37. Vatican Council I (1869-1870) endorsed the doctrine of the primacy and infallibility of the Pope. The primacy of the Bishop of Rome, for whom "in blessed Peter is established the principle and the perpetual and visible foundation of the unity of faith and communion", is presented by the Council as the ministry set to guarantee the unity and indivisibility of the episcopate at the service of the faith of the People of God[35]. The formula according to which ex cathedra definitions of the Pope are irreformable "in themselves and not in virtue of the consensus of the Church"[36] "does not make the consensus Ecclesiae superfluous" but affirms the exercise of authority which belongs to the Pope by virtue of his specific ministry[37]. This is borne out by consultation carried out through the Bishops among the whole People of God, which is what Blessed Pius IX wanted in view of the definition of the dogma of the Immaculate Conception[38], the approach taken by Pius XII in regard to the definition of the dogma of the Assumption of Mary[39].
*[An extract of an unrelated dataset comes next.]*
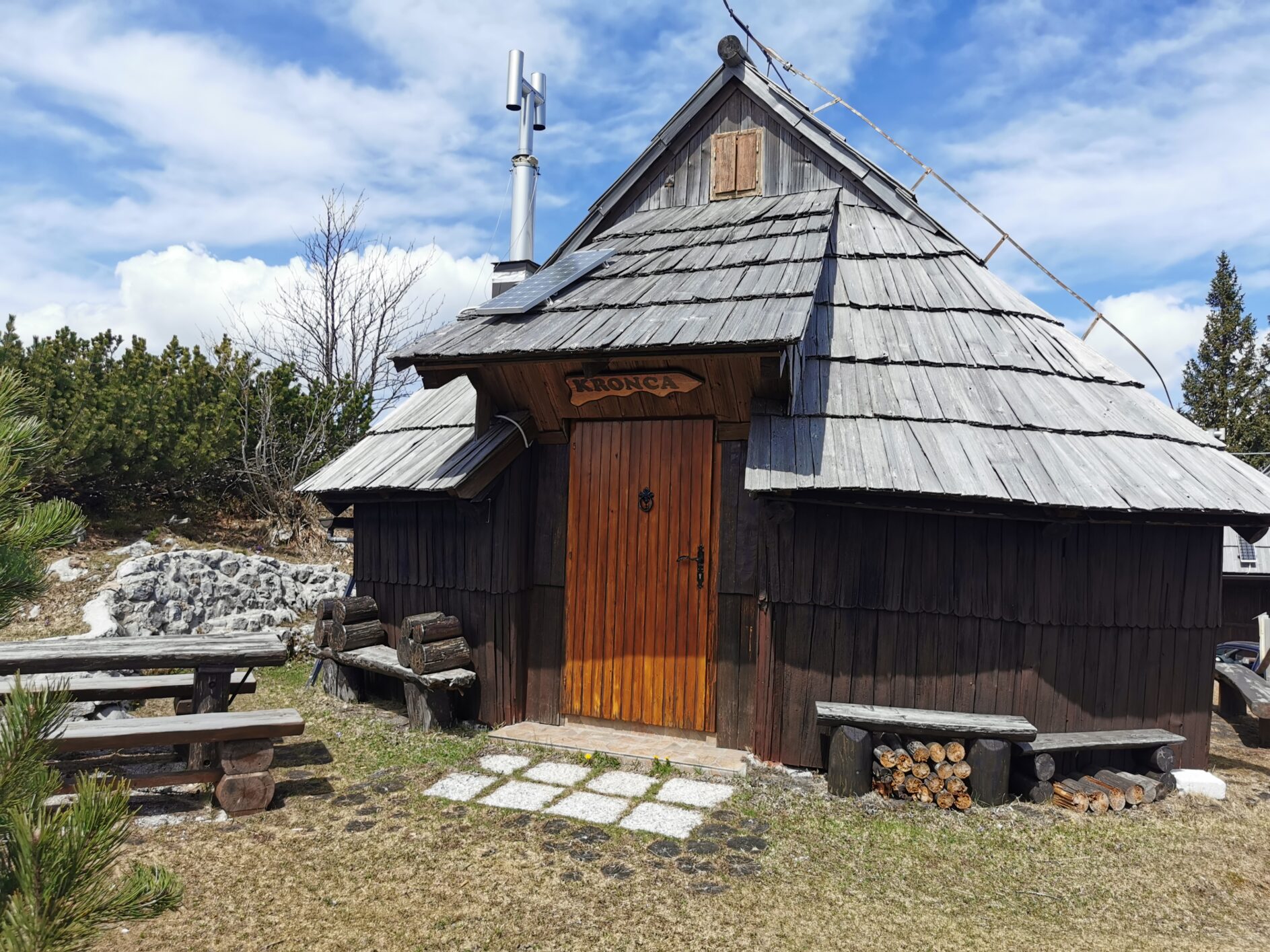 Koča Kronca je naša najmanjša koča, prenovljena v  starem in tradicionalnem stilu, kjer se prepletata domačnost, prvinskost in udobje. Koča leži na mirni lokacija, stran od vrveža in glavnih sprehajalnih poti. Ima kar dve terasi: eno skrito za ter eno veliko pred samo kočo. Preprostost koče nas ponese v vlogo pastirjev, kjer si ob starem “šporhetu” na drva pripravimo prijeten obrok ali pa zgolj uživamo v toplem večernem vzdušju prsketanja ognja. Majhna in simpatična koča ima veliko luksuzno kopalnico s talnim gretjem ter tušem s toplo vodo. Zgornja soba je pravi raj za otroke ali skupine prijateljev. Osrednji prostor poln topline pa je opremljen s kuhinjo, jedilnim kotom ter kavčem, ki je idealen za posteljo za dve osebi, ki želita mirnega oddiha v toplem gnezdecu. Koča je idealna za pare ali eno družino in lahko sprejme 7 oseb, dobrodošli pa so tudi hišni ljubljenčki.

38. The need for a pertinent and consistent re-launch of Synodal practice in the Catholic Church became clear as early as the nineteenth century, thanks to prophetic writers like Johann Adam Möhler (1796-1838), Antonio Rosmini (1797-1855) and John Henry Newman (1801-1890), who returned to the normative sources of Scripture and Tradition, heralding the providential renewal that came with the biblical, liturgical and patristic movements. They stressed that a primary and fundamental element in the life of the Church is the dimension of communion, which implies an ordered synodal practice on every level, giving due importance to the sensus fidei fidelium, intrinsically related to the specific ministry of the Bishops and the Pope. The emergence of a new climate in ecumenical relationships with other Churches and ecclesial communities, and a more careful discernment of the advanced demands of modern consciousness concerning the participation of every citizen in running society, call for a new and deeper experience and presentation of the mystery of the Church as intrinsically synodal.
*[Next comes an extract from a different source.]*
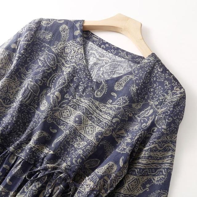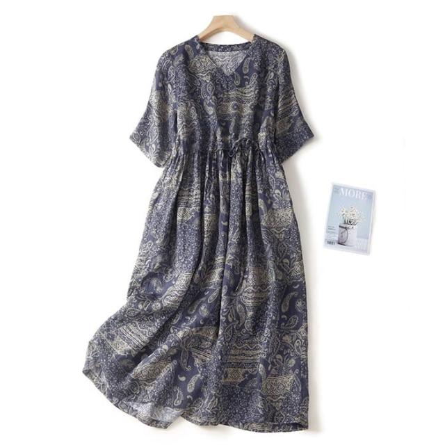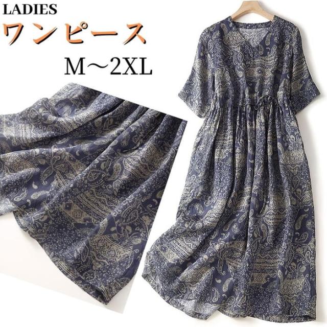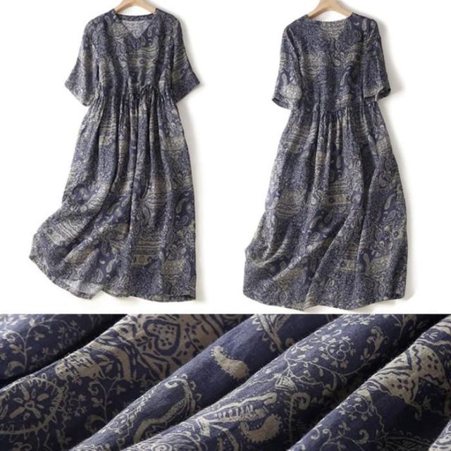 ワンピース レディース 半袖 プリント コットン リネン Vネック 夏 ゆったり ナチュラル リラックス 旅行 お出かけ 母の日 プレゼント 30代 40代 50代 60代 シニア オシャレ 1560

39. It should not be forgotten that, from the second half of the nineteenth century onward, a new institution came into being and acquired a certain significance: episcopal conferences may not have had a precise canonical profile, but, as a gathering of the Bishops of a single country, they were a sign of a rediscovery of a collegial interpretation of the exercise of the episcopal ministry in a specific territory and in view of changing geopolitical circumstances. In the same spirit, on the eve of the twentieth century, Leo XIII convoked a plenary Latin American Council, which brought together the Metropolitans of the ecclesiastical province of the continent (1899). In terms of theology and ecclesiological experience, there was a growing awareness that "the Church is not identical with her pastors; that the whole Church, by the action of the Holy Spirit, is the subject or ‘organ’ of Tradition; and that lay people have an active role in the transmission of the apostolic faith"[40].
40. The Second Ecumenical Vatican Council continued along the lines of of Vatican I and made it part of a programme of aggiornamento, taking account of the gains of the intervening years and including them in a rich synthesis in the light of Tradition.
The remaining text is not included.